Dataset records:
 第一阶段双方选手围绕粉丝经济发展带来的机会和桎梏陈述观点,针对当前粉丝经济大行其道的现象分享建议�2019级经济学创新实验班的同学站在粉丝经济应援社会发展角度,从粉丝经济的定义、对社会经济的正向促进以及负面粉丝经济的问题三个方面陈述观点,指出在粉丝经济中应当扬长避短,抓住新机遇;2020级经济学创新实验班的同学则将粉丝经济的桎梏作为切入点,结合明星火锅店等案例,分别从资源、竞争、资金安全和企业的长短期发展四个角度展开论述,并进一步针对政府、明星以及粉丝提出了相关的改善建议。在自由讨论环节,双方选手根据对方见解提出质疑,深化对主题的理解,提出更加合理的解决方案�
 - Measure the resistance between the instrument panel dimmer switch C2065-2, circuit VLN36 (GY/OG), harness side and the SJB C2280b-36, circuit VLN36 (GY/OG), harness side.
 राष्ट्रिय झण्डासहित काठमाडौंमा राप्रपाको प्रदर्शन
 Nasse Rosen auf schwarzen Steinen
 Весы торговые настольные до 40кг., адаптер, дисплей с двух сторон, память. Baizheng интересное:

...

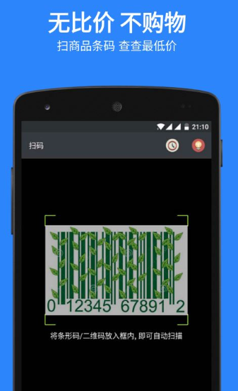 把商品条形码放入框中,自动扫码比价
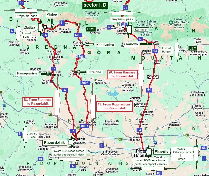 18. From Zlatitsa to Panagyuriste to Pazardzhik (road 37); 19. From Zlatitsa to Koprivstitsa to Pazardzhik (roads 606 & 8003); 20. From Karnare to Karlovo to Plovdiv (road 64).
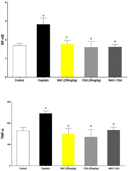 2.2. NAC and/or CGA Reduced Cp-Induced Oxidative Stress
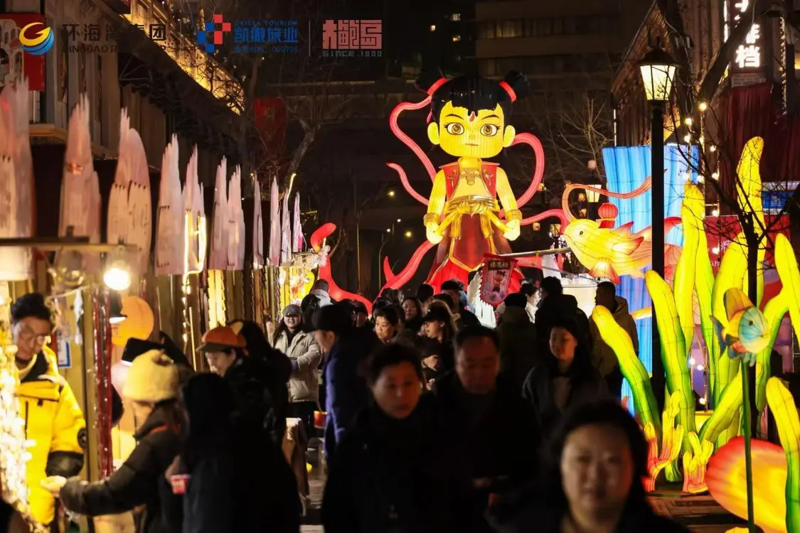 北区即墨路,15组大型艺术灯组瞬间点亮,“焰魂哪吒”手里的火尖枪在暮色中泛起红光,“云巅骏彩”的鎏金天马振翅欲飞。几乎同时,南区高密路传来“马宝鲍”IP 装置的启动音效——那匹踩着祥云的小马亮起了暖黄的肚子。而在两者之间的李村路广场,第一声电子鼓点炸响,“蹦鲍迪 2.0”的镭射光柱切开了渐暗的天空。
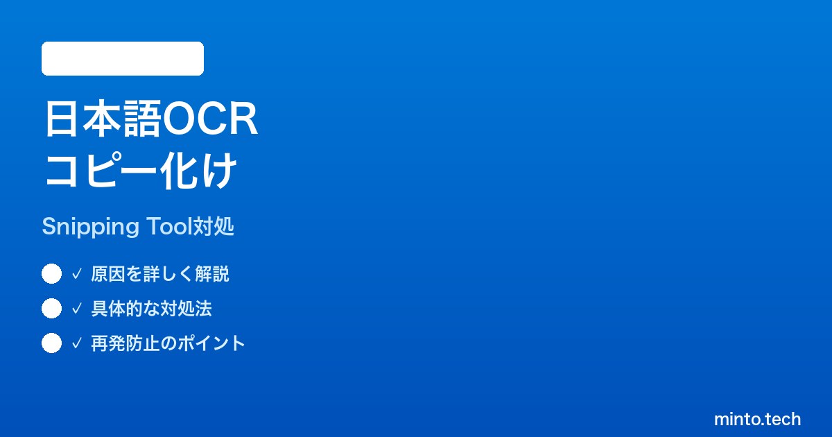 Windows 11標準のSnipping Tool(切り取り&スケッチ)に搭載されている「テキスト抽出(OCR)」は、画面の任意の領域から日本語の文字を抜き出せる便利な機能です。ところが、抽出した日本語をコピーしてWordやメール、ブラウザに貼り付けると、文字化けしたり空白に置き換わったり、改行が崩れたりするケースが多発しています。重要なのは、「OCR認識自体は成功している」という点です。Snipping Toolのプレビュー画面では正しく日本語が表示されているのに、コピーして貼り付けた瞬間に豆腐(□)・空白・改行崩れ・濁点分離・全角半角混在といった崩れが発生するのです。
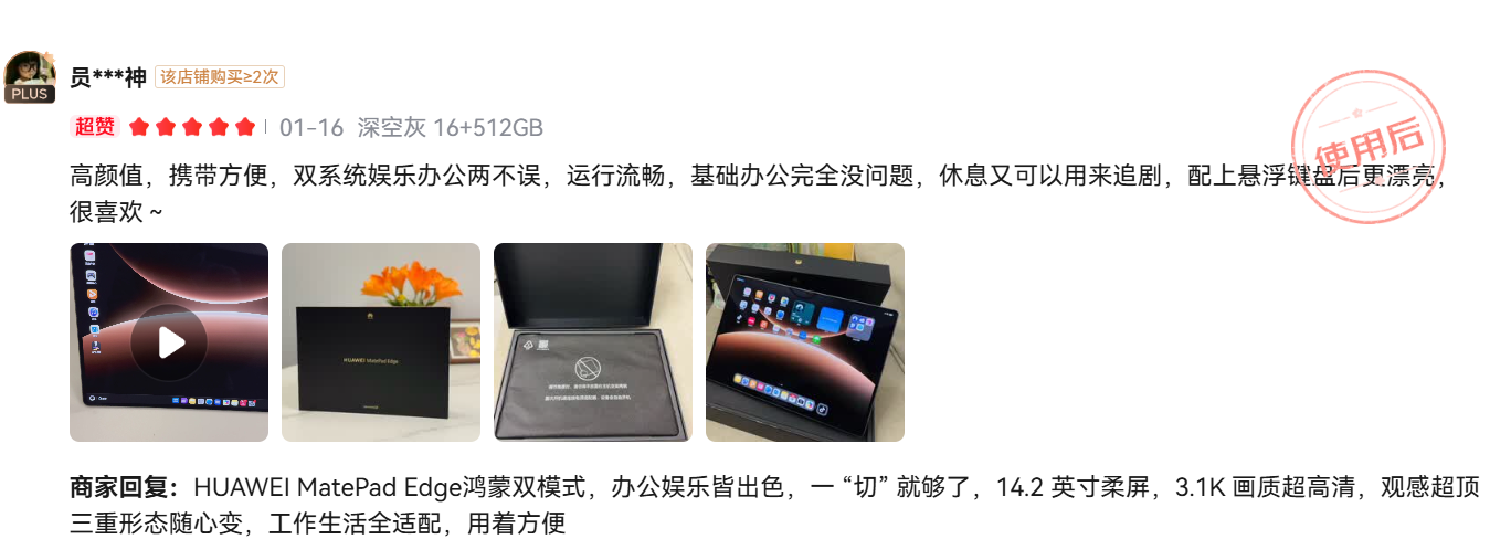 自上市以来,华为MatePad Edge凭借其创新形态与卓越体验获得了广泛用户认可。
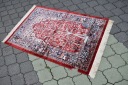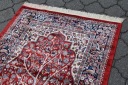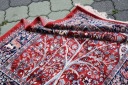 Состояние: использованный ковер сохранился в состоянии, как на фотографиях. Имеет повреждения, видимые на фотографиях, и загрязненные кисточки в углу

- **Assigned task**
From the line with "18. From Zlatitsa" up to and including the line with "Состояние: использованный ковер" above, retype every line exactly and nothing more; leave out the pictures.

- **Exercise result**
 18. From Zlatitsa to Panagyuriste to Pazardzhik (road 37); 19. From Zlatitsa to Koprivstitsa to Pazardzhik (roads 606 & 8003); 20. From Karnare to Karlovo to Plovdiv (road 64).
 2.2. NAC and/or CGA Reduced Cp-Induced Oxidative Stress
 北区即墨路,15组大型艺术灯组瞬间点亮,“焰魂哪吒”手里的火尖枪在暮色中泛起红光,“云巅骏彩”的鎏金天马振翅欲飞。几乎同时,南区高密路传来“马宝鲍”IP 装置的启动音效——那匹踩着祥云的小马亮起了暖黄的肚子。而在两者之间的李村路广场,第一声电子鼓点炸响,“蹦鲍迪 2.0”的镭射光柱切开了渐暗的天空。
 Windows 11標準のSnipping Tool(切り取り&スケッチ)に搭載されている「テキスト抽出(OCR)」は、画面の任意の領域から日本語の文字を抜き出せる便利な機能です。ところが、抽出した日本語をコピーしてWordやメール、ブラウザに貼り付けると、文字化けしたり空白に置き換わったり、改行が崩れたりするケースが多発しています。重要なのは、「OCR認識自体は成功している」という点です。Snipping Toolのプレビュー画面では正しく日本語が表示されているのに、コピーして貼り付けた瞬間に豆腐(□)・空白・改行崩れ・濁点分離・全角半角混在といった崩れが発生するのです。
 自上市以来,华为MatePad Edge凭借其创新形态与卓越体验获得了广泛用户认可。
 Состояние: использованный ковер сохранился в состоянии, как на фотографиях. Имеет повреждения, видимые на фотографиях, и загрязненные кисточки в углу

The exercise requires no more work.